___ Records for processing

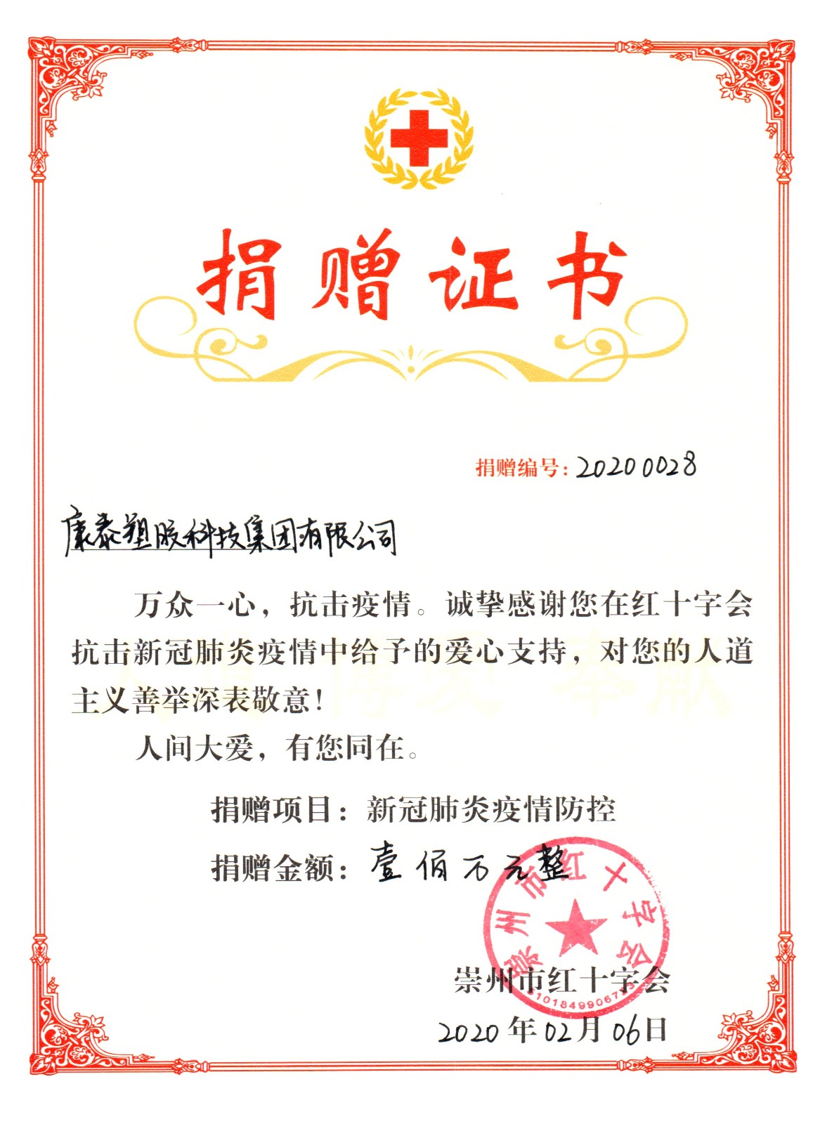 2022.03康泰集團捐款100萬元助力崇州市疫情防控阻擊戰(zhàn)2020年1月,正當全國人民喜迎新春佳節(jié)時,一場突然而來的新型冠狀病毒肺炎疫情肆虐中華大地。面對新型冠狀病毒全民戰(zhàn)爭,直接關系國家民族、企業(yè)興衰、自身安危,康泰塑膠科技集團有限公司作為一家有使命、有擔當?shù)慕ú钠髽I(yè),集團董事長林云青...閱讀人數(shù):8900 -
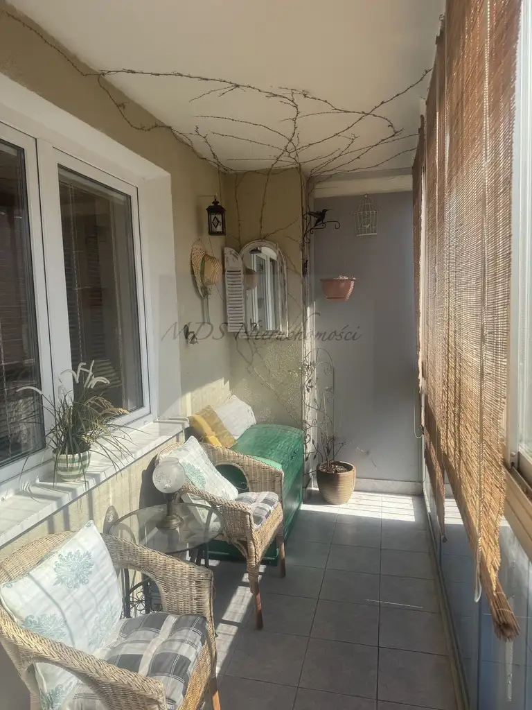 Loggia zabudowana szybami zapewnia słoneczne miejsce do odpoczynku,
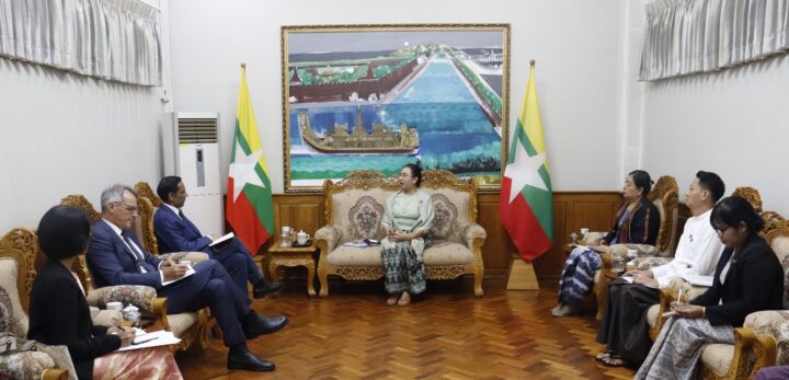 Union Minister for Investment and Foreign Economic Relations Dr Wah Wah Maung separately received Mr Samir Sudhir Wanmali, Regional Director for Asia and the Pacific of the World Food Programme (WFP), and Mr Sanjay Mathur, Asian Regional Director for the United Nations Office for Project Services (UNOPS), at the Ministry of Investment and Foreign Economic Relations, Nay Pyi Taw, yesterday.
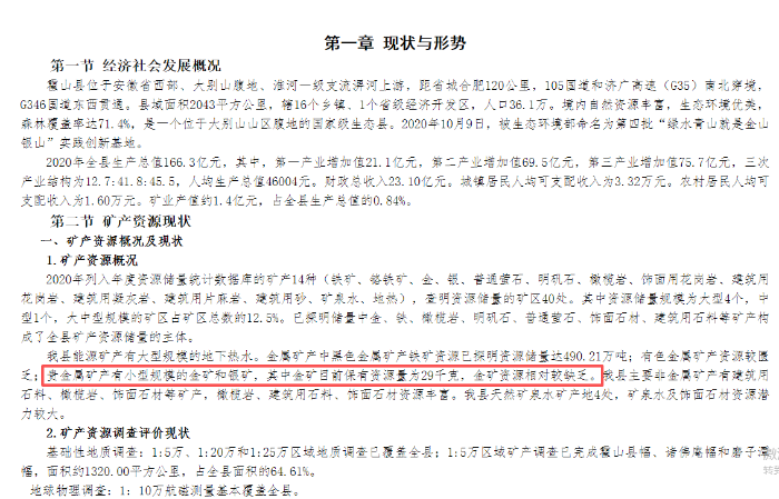 针对网传信息,大皖新闻记者查询了霍山县政府官网发布的《霍山县矿产资源总体规划(2021—2025年)》。规划明确显示,霍山县贵金属矿产仅有小型规模的金矿和银矿,其中金矿目前保有资源量为29千克,金矿资源相对较缺乏。
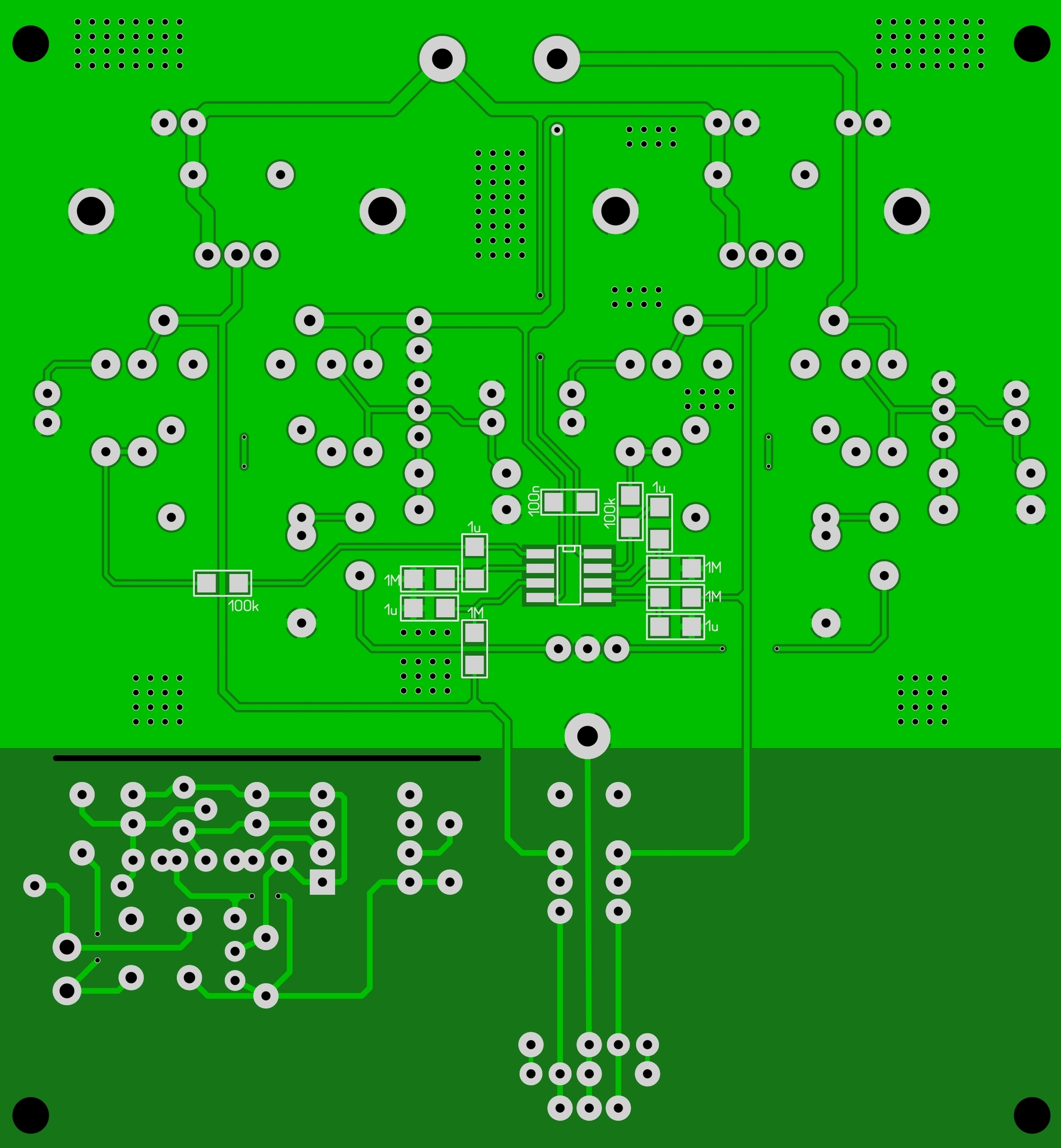Ilyen, elrendezés nem szimmetrikus de az most nem számít gyorsan készült... Kimenetet komparátor kapcsolja relén keresztül kb. 3-4mp késleltetéssel, van hely zobelnek is ha bedurvulna, dc szervo szükség esetén betehető alulra pl. TL072 vagy valami jobb fetes bemenetű, a 2k7-re felépíthető a korábbi trimmeres megoldás pl. melegragasztóval.
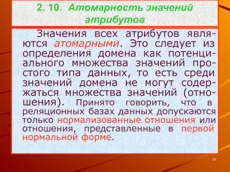 Слайд 47 Значение атрибута в любом кортеже отношения должно соответствовать
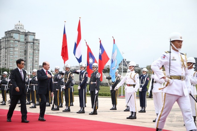 上午的贈勳儀式,在國防部博愛營區舉行,嚴部長首先以隆重軍禮歡迎索多部長到訪;隨後,嚴部長代表政府頒授「二等寶鼎勳章」,包括巴拉圭駐華大使柏馬紹等官員均到場觀禮,場面隆重。
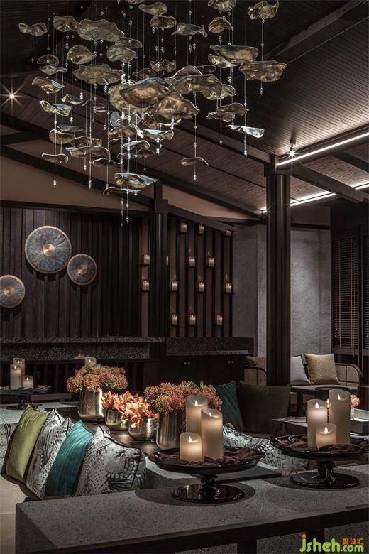 养生店设计在空间中,我们将这种对生活的美好愿景,化为点点烛火、化为叶叶金片、化作柔软布料,装点其中。
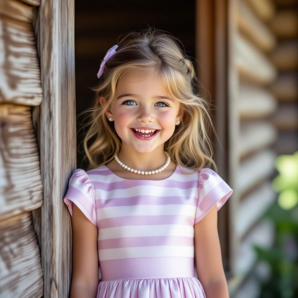 This image shows a smiling French girl in a lilac dress standing outside a wooden cabin. The portrait captures a playful and elegant aesthetic with soft pastel hues.
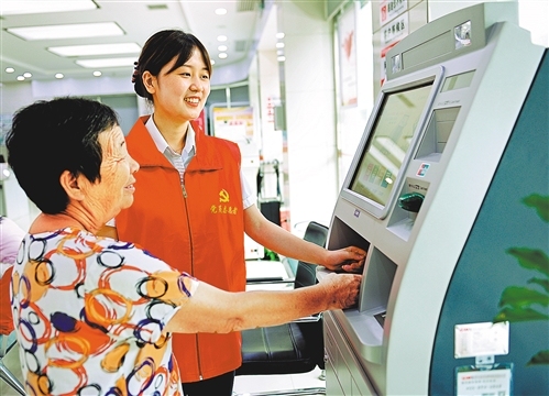 湖南邵陽農(nóng)商銀行黨員志愿者向客戶介紹銀行查詢機使用方法。滕治中攝(中經(jīng)視覺)

______

## Work order
Every line between the one containing "上午的贈勳儀式,在國防部博愛" and the end of the listing, both included, needs to be retyped exactly, minus the pictures.

## Result below
 上午的贈勳儀式,在國防部博愛營區舉行,嚴部長首先以隆重軍禮歡迎索多部長到訪;隨後,嚴部長代表政府頒授「二等寶鼎勳章」,包括巴拉圭駐華大使柏馬紹等官員均到場觀禮,場面隆重。
 养生店设计在空间中,我们将这种对生活的美好愿景,化为点点烛火、化为叶叶金片、化作柔软布料,装点其中。
 This image shows a smiling French girl in a lilac dress standing outside a wooden cabin. The portrait captures a playful and elegant aesthetic with soft pastel hues.
 湖南邵陽農(nóng)商銀行黨員志愿者向客戶介紹銀行查詢機使用方法。滕治中攝(中經(jīng)視覺)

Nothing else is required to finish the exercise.